Fourthly, the concepts of representativeness and generalisability discussed above also relate to the term “applicability” used in certain risk-of-bias tools, such as the PROBAST and QUADAS.16 17 All concepts centre on the idea that it is important to assess a study and its results in terms of how well they can be related to some target population. While we discussed causal and descriptive studies in this article, the two tools mentioned apply this concept to predictive and diagnostic studies.
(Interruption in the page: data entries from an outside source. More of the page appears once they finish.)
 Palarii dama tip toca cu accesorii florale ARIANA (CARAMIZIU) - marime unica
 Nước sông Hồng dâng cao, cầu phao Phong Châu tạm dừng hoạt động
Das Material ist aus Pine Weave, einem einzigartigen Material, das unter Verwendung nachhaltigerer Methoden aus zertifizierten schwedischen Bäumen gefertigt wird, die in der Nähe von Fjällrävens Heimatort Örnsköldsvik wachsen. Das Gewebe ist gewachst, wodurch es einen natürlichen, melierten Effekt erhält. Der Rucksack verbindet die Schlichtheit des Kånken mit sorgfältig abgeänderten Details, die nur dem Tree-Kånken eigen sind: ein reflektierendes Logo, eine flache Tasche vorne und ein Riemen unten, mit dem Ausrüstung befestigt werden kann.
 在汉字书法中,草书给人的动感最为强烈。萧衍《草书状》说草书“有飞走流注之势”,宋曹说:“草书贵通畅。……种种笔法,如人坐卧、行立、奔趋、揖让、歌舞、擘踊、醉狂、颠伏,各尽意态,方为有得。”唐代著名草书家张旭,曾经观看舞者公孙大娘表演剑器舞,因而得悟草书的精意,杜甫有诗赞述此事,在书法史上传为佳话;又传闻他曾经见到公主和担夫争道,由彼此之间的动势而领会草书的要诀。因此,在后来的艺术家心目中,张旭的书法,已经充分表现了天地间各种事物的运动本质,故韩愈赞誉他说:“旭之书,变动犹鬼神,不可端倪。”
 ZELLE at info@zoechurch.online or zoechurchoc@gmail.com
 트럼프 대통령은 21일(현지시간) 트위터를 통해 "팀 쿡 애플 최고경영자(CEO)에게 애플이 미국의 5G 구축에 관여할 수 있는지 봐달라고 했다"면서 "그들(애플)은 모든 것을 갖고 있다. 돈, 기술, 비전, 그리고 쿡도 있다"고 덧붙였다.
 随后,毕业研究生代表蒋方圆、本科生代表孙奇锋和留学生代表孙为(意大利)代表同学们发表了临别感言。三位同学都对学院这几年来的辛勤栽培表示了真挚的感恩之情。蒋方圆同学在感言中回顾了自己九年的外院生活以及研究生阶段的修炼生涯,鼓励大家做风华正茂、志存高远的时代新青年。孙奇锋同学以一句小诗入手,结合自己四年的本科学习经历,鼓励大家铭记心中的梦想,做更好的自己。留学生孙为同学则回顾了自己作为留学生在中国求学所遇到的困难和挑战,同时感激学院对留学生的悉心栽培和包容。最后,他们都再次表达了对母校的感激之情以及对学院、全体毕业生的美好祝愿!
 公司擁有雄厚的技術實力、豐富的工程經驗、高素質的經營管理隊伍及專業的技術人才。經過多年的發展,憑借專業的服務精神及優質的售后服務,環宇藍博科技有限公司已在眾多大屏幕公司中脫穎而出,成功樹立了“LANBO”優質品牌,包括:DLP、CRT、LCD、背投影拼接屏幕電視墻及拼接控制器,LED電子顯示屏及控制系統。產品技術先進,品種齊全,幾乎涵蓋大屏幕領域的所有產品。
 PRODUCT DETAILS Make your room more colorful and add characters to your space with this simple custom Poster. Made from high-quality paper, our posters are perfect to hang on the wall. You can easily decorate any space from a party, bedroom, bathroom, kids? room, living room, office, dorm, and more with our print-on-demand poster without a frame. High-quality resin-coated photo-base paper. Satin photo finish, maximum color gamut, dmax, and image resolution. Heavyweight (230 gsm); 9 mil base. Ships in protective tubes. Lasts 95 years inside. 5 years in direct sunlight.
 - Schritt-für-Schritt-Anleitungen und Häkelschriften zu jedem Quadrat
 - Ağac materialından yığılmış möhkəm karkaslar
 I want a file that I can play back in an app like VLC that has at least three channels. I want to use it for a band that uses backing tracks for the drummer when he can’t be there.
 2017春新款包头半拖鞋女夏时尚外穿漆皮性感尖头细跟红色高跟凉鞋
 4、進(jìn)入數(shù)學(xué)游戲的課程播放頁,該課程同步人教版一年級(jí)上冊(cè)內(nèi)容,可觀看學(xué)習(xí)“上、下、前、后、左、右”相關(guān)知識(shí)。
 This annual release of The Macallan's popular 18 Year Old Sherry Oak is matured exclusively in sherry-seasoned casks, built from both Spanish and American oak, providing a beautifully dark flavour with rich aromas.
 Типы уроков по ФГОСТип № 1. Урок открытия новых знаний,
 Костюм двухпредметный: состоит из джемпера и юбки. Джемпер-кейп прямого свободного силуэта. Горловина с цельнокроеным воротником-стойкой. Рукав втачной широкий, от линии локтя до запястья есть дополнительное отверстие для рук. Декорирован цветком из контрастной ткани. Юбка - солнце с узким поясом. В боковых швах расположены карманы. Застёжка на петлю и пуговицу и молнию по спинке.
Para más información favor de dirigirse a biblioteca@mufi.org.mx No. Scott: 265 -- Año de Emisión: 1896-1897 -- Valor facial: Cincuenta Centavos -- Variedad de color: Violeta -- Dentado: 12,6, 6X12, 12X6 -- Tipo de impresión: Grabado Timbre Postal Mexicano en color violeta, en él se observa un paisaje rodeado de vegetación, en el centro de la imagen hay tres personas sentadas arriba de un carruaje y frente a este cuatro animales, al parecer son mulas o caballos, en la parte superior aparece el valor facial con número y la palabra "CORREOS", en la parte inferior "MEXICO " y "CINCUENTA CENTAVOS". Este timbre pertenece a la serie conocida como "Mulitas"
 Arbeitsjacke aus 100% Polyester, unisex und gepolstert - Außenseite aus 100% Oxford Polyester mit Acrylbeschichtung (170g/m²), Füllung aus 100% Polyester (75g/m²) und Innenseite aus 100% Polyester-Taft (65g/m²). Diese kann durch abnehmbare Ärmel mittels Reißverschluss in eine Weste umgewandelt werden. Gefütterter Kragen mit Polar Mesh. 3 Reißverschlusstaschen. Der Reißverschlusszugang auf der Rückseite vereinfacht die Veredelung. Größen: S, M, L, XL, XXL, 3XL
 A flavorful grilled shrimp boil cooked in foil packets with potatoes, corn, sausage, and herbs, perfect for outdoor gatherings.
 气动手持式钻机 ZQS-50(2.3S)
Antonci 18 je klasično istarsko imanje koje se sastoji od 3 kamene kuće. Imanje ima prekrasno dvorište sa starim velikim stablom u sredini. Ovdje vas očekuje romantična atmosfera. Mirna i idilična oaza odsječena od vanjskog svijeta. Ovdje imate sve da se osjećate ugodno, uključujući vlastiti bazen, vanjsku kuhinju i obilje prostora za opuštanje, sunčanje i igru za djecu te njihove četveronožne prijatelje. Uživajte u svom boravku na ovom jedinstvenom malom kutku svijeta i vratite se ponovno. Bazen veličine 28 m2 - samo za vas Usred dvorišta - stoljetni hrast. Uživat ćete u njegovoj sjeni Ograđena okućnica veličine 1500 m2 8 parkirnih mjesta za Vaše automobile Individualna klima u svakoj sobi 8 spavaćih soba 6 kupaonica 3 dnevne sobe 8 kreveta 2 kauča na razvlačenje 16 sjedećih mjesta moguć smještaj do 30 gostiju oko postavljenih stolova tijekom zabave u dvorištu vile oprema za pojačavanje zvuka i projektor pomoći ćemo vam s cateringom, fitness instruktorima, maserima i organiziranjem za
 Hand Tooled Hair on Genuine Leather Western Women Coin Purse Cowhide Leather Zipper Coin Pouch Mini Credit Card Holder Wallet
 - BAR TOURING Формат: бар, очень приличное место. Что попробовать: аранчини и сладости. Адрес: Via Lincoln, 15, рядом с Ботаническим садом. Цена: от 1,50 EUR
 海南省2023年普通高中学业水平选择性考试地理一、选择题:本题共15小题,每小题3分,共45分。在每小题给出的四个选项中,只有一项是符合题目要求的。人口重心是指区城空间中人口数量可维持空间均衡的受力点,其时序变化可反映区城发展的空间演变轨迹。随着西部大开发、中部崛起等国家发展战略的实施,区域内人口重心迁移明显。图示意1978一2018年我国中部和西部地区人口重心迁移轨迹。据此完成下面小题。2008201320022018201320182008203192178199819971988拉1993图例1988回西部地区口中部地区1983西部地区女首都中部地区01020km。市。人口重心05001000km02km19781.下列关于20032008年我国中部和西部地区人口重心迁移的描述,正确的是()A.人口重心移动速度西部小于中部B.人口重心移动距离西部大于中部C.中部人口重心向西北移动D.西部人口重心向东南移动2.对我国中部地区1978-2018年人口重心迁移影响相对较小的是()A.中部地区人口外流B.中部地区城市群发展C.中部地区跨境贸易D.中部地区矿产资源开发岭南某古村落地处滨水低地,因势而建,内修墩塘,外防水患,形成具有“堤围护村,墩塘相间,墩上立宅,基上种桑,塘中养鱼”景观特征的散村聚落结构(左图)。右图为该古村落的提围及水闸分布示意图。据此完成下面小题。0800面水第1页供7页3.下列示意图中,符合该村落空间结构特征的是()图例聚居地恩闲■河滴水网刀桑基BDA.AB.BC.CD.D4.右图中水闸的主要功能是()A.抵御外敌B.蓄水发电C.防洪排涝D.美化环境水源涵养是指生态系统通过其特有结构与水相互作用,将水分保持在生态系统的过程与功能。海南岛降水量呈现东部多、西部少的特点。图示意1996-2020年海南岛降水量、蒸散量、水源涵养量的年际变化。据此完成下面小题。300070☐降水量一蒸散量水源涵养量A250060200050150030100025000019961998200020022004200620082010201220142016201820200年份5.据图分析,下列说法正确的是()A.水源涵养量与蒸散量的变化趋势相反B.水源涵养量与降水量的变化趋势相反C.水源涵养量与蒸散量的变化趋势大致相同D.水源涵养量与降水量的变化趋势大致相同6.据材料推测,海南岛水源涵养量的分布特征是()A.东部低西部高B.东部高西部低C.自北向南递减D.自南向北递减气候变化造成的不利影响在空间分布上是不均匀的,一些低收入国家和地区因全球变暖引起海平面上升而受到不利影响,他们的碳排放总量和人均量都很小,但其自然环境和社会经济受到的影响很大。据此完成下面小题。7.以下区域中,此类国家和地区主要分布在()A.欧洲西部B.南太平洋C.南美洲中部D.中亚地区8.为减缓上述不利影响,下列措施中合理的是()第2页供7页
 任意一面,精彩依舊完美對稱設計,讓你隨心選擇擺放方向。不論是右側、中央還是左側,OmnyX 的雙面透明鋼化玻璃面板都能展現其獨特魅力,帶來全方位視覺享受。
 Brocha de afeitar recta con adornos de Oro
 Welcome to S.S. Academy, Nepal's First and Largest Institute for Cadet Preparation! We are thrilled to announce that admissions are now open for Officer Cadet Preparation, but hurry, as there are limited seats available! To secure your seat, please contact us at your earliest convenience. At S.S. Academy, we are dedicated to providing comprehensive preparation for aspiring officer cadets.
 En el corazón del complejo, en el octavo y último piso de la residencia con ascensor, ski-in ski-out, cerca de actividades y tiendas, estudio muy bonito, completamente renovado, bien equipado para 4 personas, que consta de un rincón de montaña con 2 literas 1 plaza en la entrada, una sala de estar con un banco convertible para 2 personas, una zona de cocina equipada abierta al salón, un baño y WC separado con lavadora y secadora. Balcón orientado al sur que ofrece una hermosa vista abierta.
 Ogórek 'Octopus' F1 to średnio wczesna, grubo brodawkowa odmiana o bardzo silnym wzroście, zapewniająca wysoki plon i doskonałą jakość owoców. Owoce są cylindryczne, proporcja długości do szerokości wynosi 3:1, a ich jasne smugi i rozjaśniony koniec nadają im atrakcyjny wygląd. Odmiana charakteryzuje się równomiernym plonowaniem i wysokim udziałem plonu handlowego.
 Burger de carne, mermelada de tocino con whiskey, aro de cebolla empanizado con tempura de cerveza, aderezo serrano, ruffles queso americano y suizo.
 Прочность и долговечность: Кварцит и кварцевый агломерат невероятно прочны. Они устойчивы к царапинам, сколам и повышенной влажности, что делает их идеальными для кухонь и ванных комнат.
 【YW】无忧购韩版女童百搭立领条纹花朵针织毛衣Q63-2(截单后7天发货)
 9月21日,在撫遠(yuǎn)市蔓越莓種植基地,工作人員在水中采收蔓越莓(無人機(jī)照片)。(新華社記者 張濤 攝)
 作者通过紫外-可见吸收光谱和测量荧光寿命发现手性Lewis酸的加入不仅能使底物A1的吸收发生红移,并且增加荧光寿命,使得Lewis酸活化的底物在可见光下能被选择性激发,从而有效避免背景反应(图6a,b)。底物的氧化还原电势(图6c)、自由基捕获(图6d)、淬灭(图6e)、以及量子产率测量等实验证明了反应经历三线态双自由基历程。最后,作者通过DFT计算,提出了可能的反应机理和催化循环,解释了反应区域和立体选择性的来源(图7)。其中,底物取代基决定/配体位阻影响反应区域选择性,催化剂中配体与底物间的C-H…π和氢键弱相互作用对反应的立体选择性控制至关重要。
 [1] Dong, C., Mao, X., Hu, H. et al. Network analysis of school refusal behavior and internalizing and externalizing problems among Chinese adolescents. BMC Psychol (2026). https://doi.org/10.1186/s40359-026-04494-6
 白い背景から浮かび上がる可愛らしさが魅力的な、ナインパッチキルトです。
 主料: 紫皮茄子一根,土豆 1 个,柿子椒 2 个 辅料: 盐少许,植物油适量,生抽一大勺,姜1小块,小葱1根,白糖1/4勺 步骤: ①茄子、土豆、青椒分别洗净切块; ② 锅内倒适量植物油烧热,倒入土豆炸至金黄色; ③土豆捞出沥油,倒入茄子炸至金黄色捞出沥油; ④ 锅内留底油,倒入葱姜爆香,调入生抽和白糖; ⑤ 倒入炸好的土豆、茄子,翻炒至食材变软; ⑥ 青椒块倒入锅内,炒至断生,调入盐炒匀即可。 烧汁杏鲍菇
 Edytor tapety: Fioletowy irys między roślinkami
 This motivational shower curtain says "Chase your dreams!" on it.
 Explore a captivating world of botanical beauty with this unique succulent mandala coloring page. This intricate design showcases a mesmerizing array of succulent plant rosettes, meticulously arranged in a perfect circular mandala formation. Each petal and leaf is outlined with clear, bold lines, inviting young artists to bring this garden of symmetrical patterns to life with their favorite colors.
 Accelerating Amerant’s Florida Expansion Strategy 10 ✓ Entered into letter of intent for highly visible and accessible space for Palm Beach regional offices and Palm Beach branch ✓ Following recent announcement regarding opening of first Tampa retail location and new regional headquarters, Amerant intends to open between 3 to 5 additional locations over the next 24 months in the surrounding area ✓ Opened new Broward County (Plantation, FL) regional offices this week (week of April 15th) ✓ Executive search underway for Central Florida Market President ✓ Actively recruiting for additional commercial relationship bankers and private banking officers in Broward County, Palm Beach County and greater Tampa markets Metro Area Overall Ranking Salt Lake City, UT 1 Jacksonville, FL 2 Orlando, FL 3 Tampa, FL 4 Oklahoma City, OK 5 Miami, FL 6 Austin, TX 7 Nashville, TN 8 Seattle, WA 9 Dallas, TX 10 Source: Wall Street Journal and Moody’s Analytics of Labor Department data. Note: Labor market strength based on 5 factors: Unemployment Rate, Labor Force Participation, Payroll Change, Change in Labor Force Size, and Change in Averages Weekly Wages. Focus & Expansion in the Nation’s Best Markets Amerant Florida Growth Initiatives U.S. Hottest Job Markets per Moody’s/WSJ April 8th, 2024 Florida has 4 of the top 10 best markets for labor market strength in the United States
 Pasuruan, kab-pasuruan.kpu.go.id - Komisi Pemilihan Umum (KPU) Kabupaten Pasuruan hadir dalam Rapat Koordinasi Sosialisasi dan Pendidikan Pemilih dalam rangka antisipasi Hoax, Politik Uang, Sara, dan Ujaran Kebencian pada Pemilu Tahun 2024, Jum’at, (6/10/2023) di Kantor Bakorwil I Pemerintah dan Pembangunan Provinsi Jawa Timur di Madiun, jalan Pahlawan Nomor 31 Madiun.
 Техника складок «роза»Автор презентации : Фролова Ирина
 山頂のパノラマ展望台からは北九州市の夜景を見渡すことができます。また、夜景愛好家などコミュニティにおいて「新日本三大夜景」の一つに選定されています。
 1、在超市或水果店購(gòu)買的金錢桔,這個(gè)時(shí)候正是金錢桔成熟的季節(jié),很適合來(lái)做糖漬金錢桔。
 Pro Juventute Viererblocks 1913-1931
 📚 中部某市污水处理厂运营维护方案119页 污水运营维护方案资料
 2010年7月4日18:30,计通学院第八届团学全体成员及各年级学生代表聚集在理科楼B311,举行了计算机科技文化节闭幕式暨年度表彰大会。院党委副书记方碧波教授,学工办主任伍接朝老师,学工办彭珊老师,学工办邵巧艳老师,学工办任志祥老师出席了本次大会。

Finally, one question that has been raised is whether generalising the interpretation or the estimate is intrinsically more important for health research and for science broadly. It could be argued that generalising the interpretation is the primary aim of scientific inference and thus should be our goal in most studies.1 The underlying premise is that the goal of science is the discovery of universal knowledge about nature that will hold true in most instances. If we view health research from this viewpoint, then generalising the interpretation is what matters. By contrast, generalisation of the estimate can never be universal. The estimate obtained in a particular study sample will always be tied to a specific scientific or public health question, and the study design and will vary based on the distribution of key covariates across time and populations. However, to inform policies and interventions in the real world, we must be able to predict health outcomes in human populations beyond those we studied. Therefore, generalisation of the estimate (whether obtained via study design or analytical methods) is an important goal. A further argument could be that these endeavours of statistical inference are just as informative for science as the inferences above. Science can be about discovering laws of nature; it can also seek to understand particular facets of nature. For some areas of health research, such as epidemiology and other population health sciences, the facet of nature under study is disease as it occurs in humans at a population level, and true understanding of the disease under study will be contextualised by time, place, history, and social environment. Consideration for how these factors have changed from the original setting to some new time or target population and how these changes might affect the estimate obtained is critical.
While such theoretical debates are important, our comprehensive definition of representativeness does not treat either generalisation of estimate or interpretation as inherently more relevant. That evaluation largely depends on the research question and study design at hand. Health researchers both develop the universal knowledge related to the health of populations and investigate how that knowledge can be applied to improve the health of populations, and the two ends of the research spectrum are fundamentally linked. What is important, then, is that researchers are clear on the manner in which their results can be applied to the target population when they say their study is representative and the assumptions underlying that statement.